A fuerza de dudar, ella había acabado con todo lo bueno. No me habría fijado jamás en ninguna otra. Sí, esa es la verdad. Pero las dudas la consumían, y siempre dudaba y dudaba y no vivía. “Me hartas”, le decía yo.  La mirada de ella, coqueta y cruel. Su piel, tan pálida. Y siempre tan desconfiada.
 

“Fue su culpa, sin duda”, pensé yo. Incluso en un recuerdo feliz como en el de la playa, ella me exasperaba con sus celos sin causa.

 

Sonó un pequeño timbre, que me alejó de aquella ensoñación. La lasagna, o tal vez la puerta. Todo parecía posible. Me decidí por la puerta, y al abrirla  allí estaba, sonriendo tímidamente. Tal vez hubo un tiempo en la que ella sonreía como lo hacía en aquel video que resonaba en aquel apartamento, y del que no recordaba nada.

 

-          Derechos de visita- dijo ella un tanto aturdida, como extrañada de ver el aspecto demacrado que yo tenía- ¿No lo recuerdas? Vengo a buscar los malos recuerdos para llevarlos a dar una vuelta. ¿Qué haces?
 

-          Preparaba la cena. Puedes quedarte con todo. Con los buenos, los malos ¡Qué importa!  ¿Sabes? No los traigas de vuelta.

 

Ella reflexionó unos instantes en la puerta, mientras  parecía tomar fuerzas de flaqueza.

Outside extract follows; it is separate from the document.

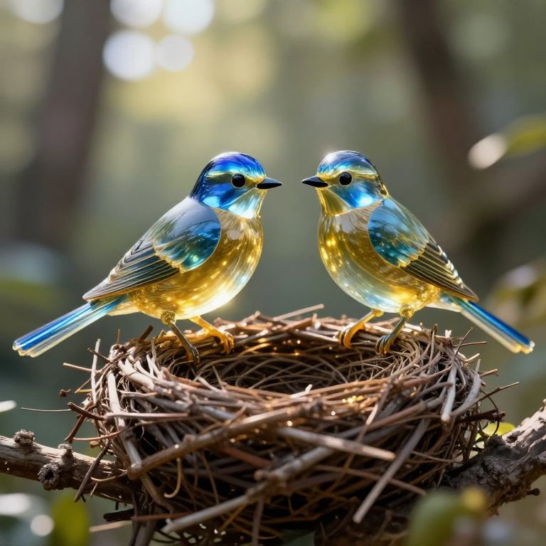 Two luminous birds, crafted from liquid glass with vibrant hues of blue and gold, perch gracefully on a rustic nest, refracting sunlight into prismatic splendor against a softly blurred forest backdrop, evoking a magical, high-definition digital art aesthetic.

-          Prefiero que te quedes con todo.- le repetí  con firmeza.
 
-          No seas tonto- me contestó. Me asustó esa mirada clara, y esas pestañas que parecían arañarme la memoria.-  Me los llevaré a un bar. Necesito pensar en ellos, y dar una vuelta. ¿Sabes? He estado pensando una cosa y … creo que me quieres.
 

-          Eso es porque no te acuerdas.

Al  fondo se escuchaba mi propia voz que repetía en la pantalla “te quiero desde siempre, desde el principio, desde el primer día”. Una y otra vez la misma melodía.
 
-          Sé que me quieres. Que siempre me has querido. Que nunca has amado a otra.- me dijo ella recordando, mirando la pantalla con las imágenes de aquel verano .-Dime que me quieres.
 
-          No te quiero.
 
-          Pero sí que me quieres.- Y acercó su mano temblorosa. ¡Temblorosa! Y con sus dudas en la yema de los dedos me acarició la mejilla.
 
No recordaba nada bueno. Recordaba portazos. Discusiones. Llantos. Y al fondo esa mirada cristalina. Transparente como aquella playa en la que veíamos los peces nadar en el fondo.…
 
Tal vez en el fondo, muy en el fondo, yo todavía sentía algo por ella, algo escondido como un tesoro entre la arena.

 

-          Te propongo custodia compartida- me dijo ella, casi en un susurro.- Te propongo… – y se calló.
 
Yo intuí que apenas  podía pronunciar las palabras, sin poder apartar la mirada de aquel video de la playa.
Y sonó un pequeño timbre en la cocina. La lasagna. La cena estaba lista.
 

-          He  hecho lasagna. Puedes quedarte, si quieres- le dije resignado y vencido, como única respuesta. – Pero tú sola, como al principio. Dejemos que todos los recuerdos  se queden fuera en el jardín. Cerraremos la puerta.

 

 Y ella se sentó en el sillón envuelto todavía en plástico, justo a mi lado.  Con el mando  a distancia en una mano, y el tenedor en la otra. La mirada puesta en  aquel video de las vacaciones del 2006, que ahora ninguno recordaba.